Berlioz was music’s ultimate outsider – a literary man, barely proficient at his two instruments, the guitar and flute, and accepted for study quite begrudgingly by the Paris Conservatoire. In 1830, the music world was still reeling from Beethoven’s shadow, and only a true outsider could emerge from it. The only composer who could compete with Beethoven was a composer stupid enough to know more about the world than about music.

Around Berlioz was the same sea of mediocrity which surrounded every great composer since Gluck. But Berlioz lived in Paris, which during the mid-19th century had a far more dynamic culture than Vienna – a city which remained a backwater during that era in all regards except music and geopolitics. And in Paris, the kind of grandeur one finds in Berlioz was what moved mountains in all the arts.

 The grand opera of the 1830’s and 40’s had to keep up with the spectacle of modern literature. Just as the grand cinema of Steven Spielberg and George Lucas killed modern theatergoer’s desire for intimacy and wit, the desire for the sparkle and elegance of Rossini or Bellini was ultimately killed not by Grand Opera, but by the sheer grandeur of the vast theatrical scenes readers could find in the novels of Balzac, Hugo, Dumas, and Stendahl (to say nothing of Walter Scott in translation). Imitating Goethe’s example, romantic poets around Europe wrote verse dramas for a ‘theater of the mind.’ Modern opera was as yet a mere imitation of what people experienced in these other genres, and at first gave lots of operas with lots of noise and expense, but little quality (sound familiar?).

With the social utility which newly bourgeois families demanded of their art, and the universal language which democratic revolutions demanded, music was the single most important artform at the turn of the 19th century, and no one should have taken offense when I declared that those years between 1780 and 1830 were a rain of musical beauty unprecedented in human history, and as yet unequaled.
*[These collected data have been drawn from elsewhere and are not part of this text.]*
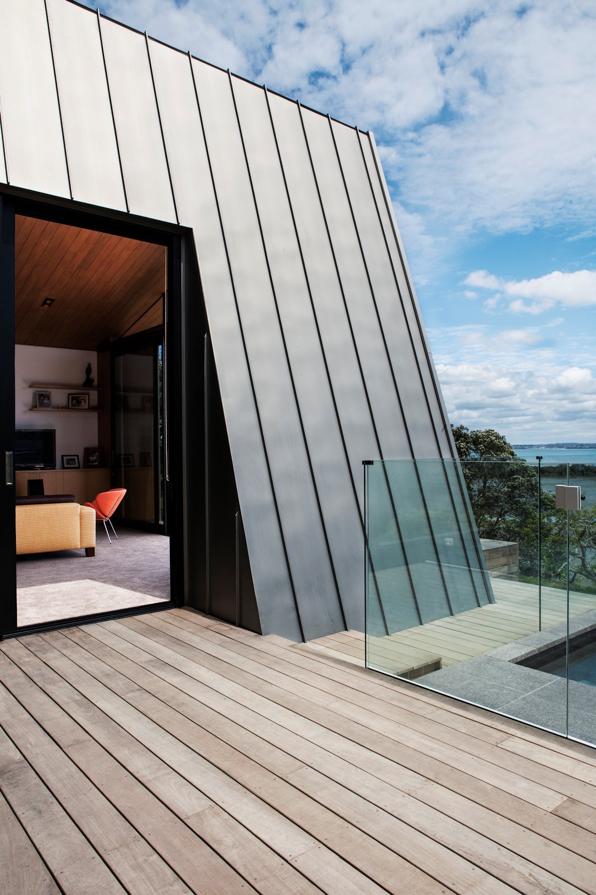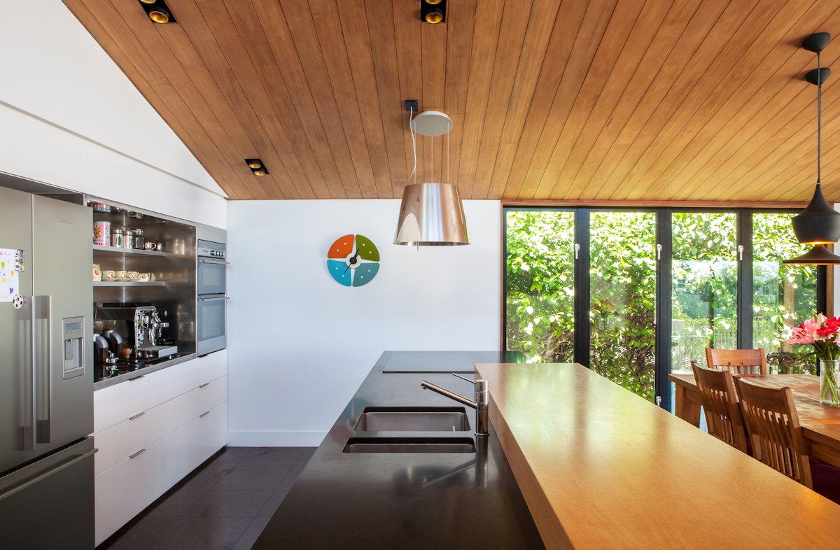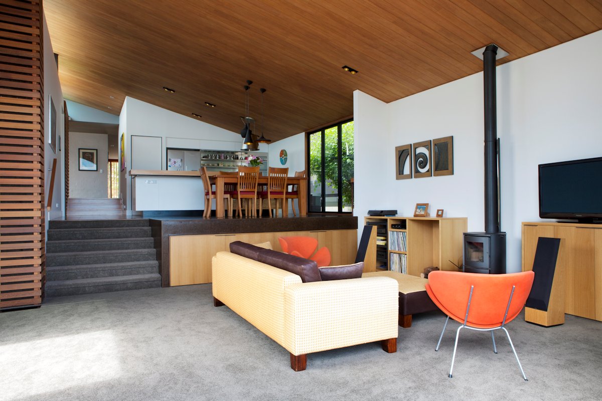 Formally the house comprises two exisiting and two new blocks, linked by the hallway, foyer and stairs. The existing blocks contain two brick-clad and lined bedrooms, an office and an original art deco bathroom. The new blocks contain the living spaces in a zinc-clad apexed void, and the master suite in a cedar-screened block. These sit on a lower level plinth, which houses a guest bedroom, bathroom, laundry and media room.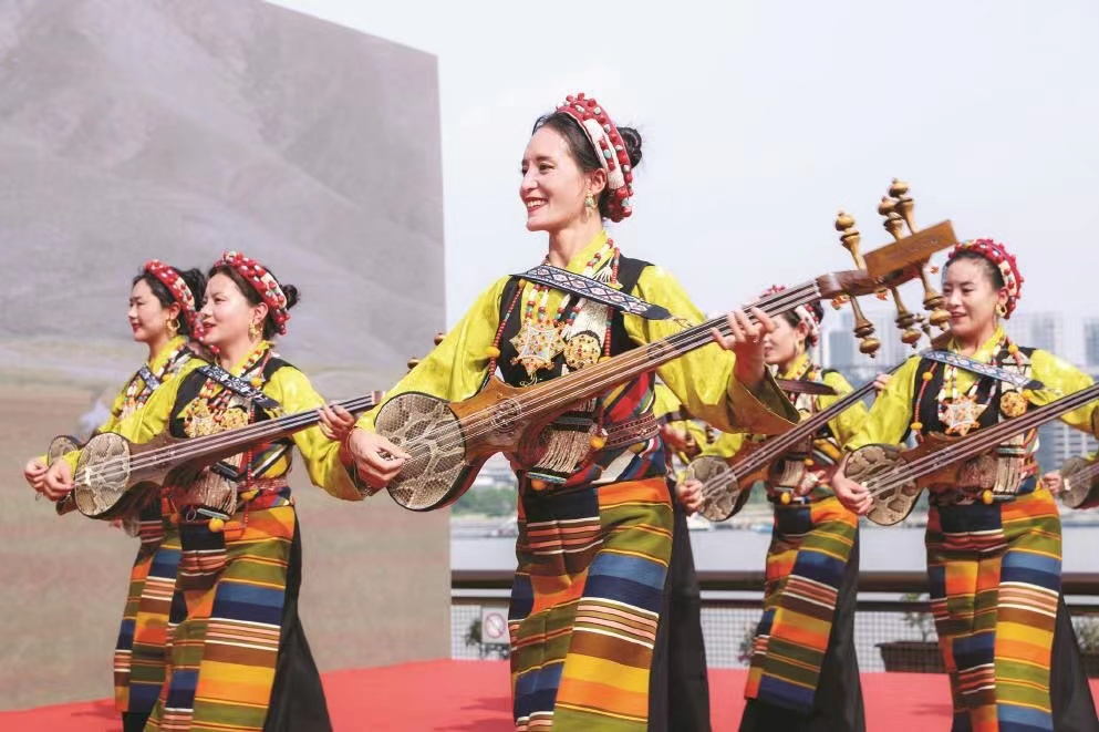 5日,由上海市援藏干部人才聯(lián)絡組拉孜小組、西藏日喀則市拉孜縣文化和旅游局主辦的“遇見|雅江情濱江意·滬藏文化交流”演出,走進上海楊浦文化新地標“YOUNG劇場”,悠揚的扎念琴聲、時快時慢的“踢踏”舞聲、傳統(tǒng)藏族曲調(diào)和現(xiàn)場觀眾的歡笑聲、鼓掌聲,為初夏的繽紛申城再添一抹亮色。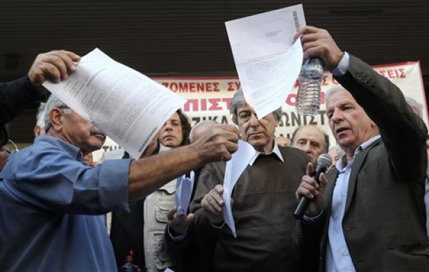 Συνταξιούχοι έκαψαν τις επιστολές Κατρούγκαλου έξω από το υπουργείο
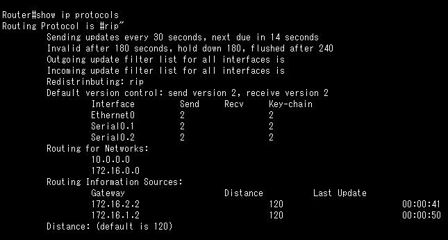 次の出力を参照し、このルータでRIPを設定するときに使用したコマンドはどれ?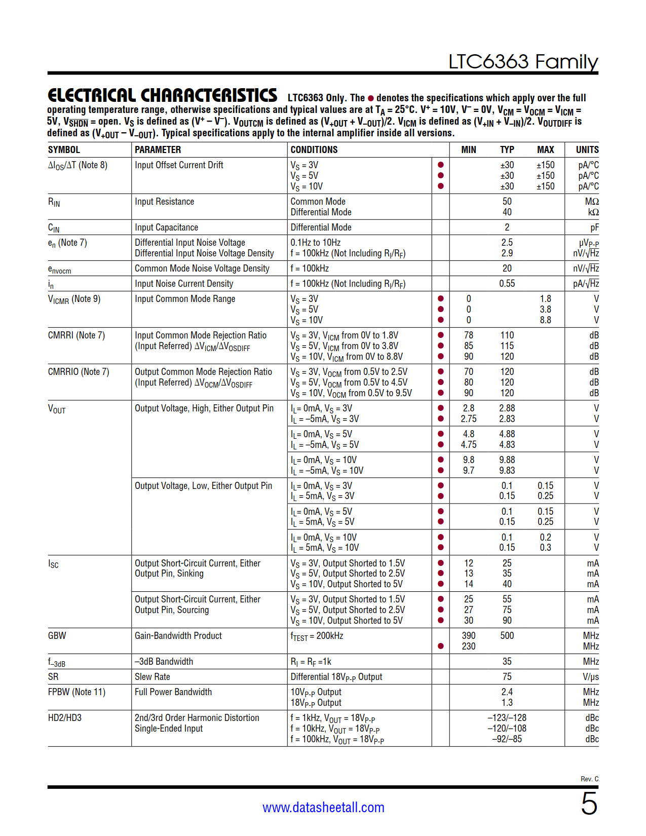 The LTC6363 family consists of four fully differential, low power, low noise amplifiers with rail-to-rail outputs optimized to drive SAR ADCs. The LTC6363 is a standalone differential amplifier, where the gain is typically set using four external resistors. The LTC6363-0.5, LTC6363-1, and LTC6363-2 each have internal matched resistors to create fixed gain blocks with gains of 0.5V/V, 1V/V, and 2V/V respectively. Each of the fixed-gain amplifiers features precision laser trimmed on-chip resistors for accurate, ultrastable gain and excellent CMRR.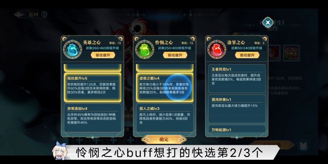英雄之心buff全选 怜悯之心buff想打的快选第2/3个 抗不住就选第1/4个buff 如果打不过,就去升级buff然后再回来打 没有麒麟的去战队终端那里借一个

And even so, the effect which all this great democratic music to inflame the masses and entertain the bourgeois produced upon the world was Romanticism itself. The anthems of an age of liberty must be written in music, for music evokes passion, and Romanticism was passion’s eruption. The poets and philosophers of the extremely unimperial and relatively free late-18th century Germany – Goethe, Kant, Hegel, Herder, Schiller, Hamann, Lessing, Kleist, Klopstock, Hoffman, Fichte, - awakened the Romantic urge to express more than the two constricting polls of an artist’s goal: to inspire worship and to entertain, which was then given passion to the masses by Beethoven. Meanwhile, turn of the 19th century English poets like Byron, Keats, Wordsworth, Shelley, Blake, and Coleridge read their German predecessors,  and so did painters from both countries like Turner and Friedrich, who then passed their influence to early 19th century French painters like Delacroix and Gericault, who then passed their influence to French writers and poets like Balzac, Hugo, Dumas, and Stendahl; who then passed on their influence to poets like Alfred de Musset, Gerard de Nerval, Alphonse de Lamartine, and Theophile Gautier.  Beethoven may have captured the world-spirit of the age, the other arts lay in wait like sleeping giants, and when Romanticism hit Europe, they pounced back upon the cultural scene. All music could do was to catch up.